Here's how to conduct a hypothesis test for the school administrator's claim:
**1. State the Hypotheses:**
* **Null Hypothesis (H₀):** p ≥ 0.50 (The proportion of dissatisfied students is greater than or equal to 50%)
* **Alternative Hypothesis (H₁ or Ha):** p < 0.50 (The proportion of dissatisfied students is less than 50%) This is a *left-tailed test*.
**2. Determine the Level of Significance (alpha):**
* α = 0.05 (This is given in the problem.)
**3. Calculate the Test Statistic:**
* **Sample Proportion (p̂):** p̂ = 0.54 (54% of the 500 students surveyed)

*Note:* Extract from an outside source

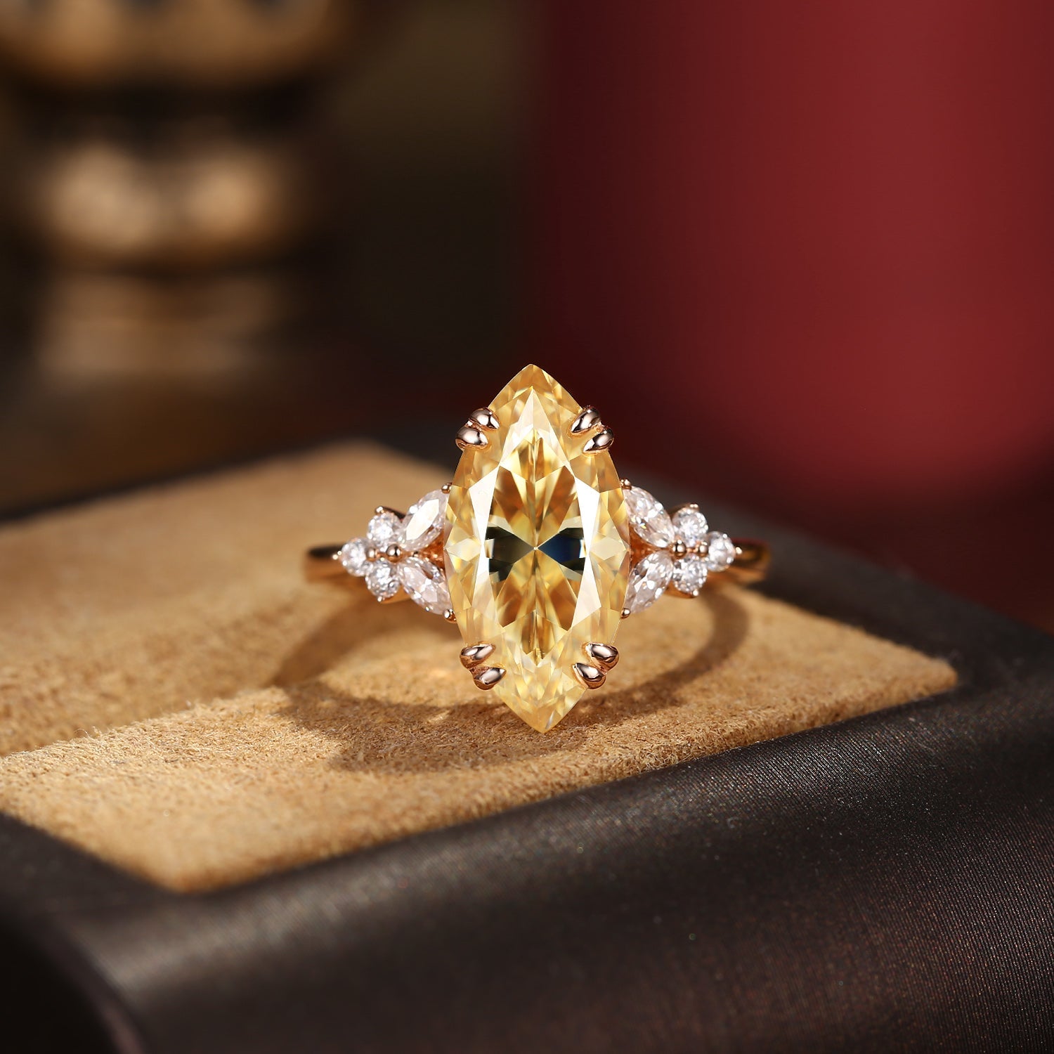 Marquise Cut Yellow Moissanite Engagement Ring - Fairy Butterfly

* **Hypothesized Proportion (p₀):** p₀ = 0.50 (The proportion under the null hypothesis)
* **Standard Error (SE):** SE = sqrt[(p₀ * (1 - p₀)) / n] = sqrt[(0.50 * (1 - 0.50)) / 500] = sqrt(0.0005) ≈ 0.0224
* **Z-score:** z = (p̂ - p₀) / SE = (0.54 - 0.50) / 0.0224 ≈ 1.79
**4. Determine the Critical Value or the P-value:**
* **Critical Value (Left-tailed test):** For α = 0.05, the critical z-value is -1.645. (You can find this using a z-table or a calculator.)
* **P-value:** Since this is a left-tailed test, the p-value is the probability of observing a z-score as extreme as, or more extreme than, 1.79. Using a z-table or calculator, we find the area to the *left* of z = 1.79. Because this is the opposite of the tail we are interested in, we subtract this from 1. So p-value = 1 - 0.9633 = 0.0367.
**5. Make a Decision:**
* **Using Critical Values:** Our calculated z-score (1.79) is *greater* than the critical z-value (-1.645). Therefore, we fail to reject the null hypothesis.
* **Using P-value:** The p-value (0.0367) is *less* than the level of significance (0.05). Because this is a left tailed test, we are interested in the values to the left of the critical value and therefore, reject the null hypothesis.
**6. Conclusion:**
There *is* sufficient evidence at the 0.05 level of significance to support the school administrator's claim that less than 50% of students are dissatisfied with the cafeteria service.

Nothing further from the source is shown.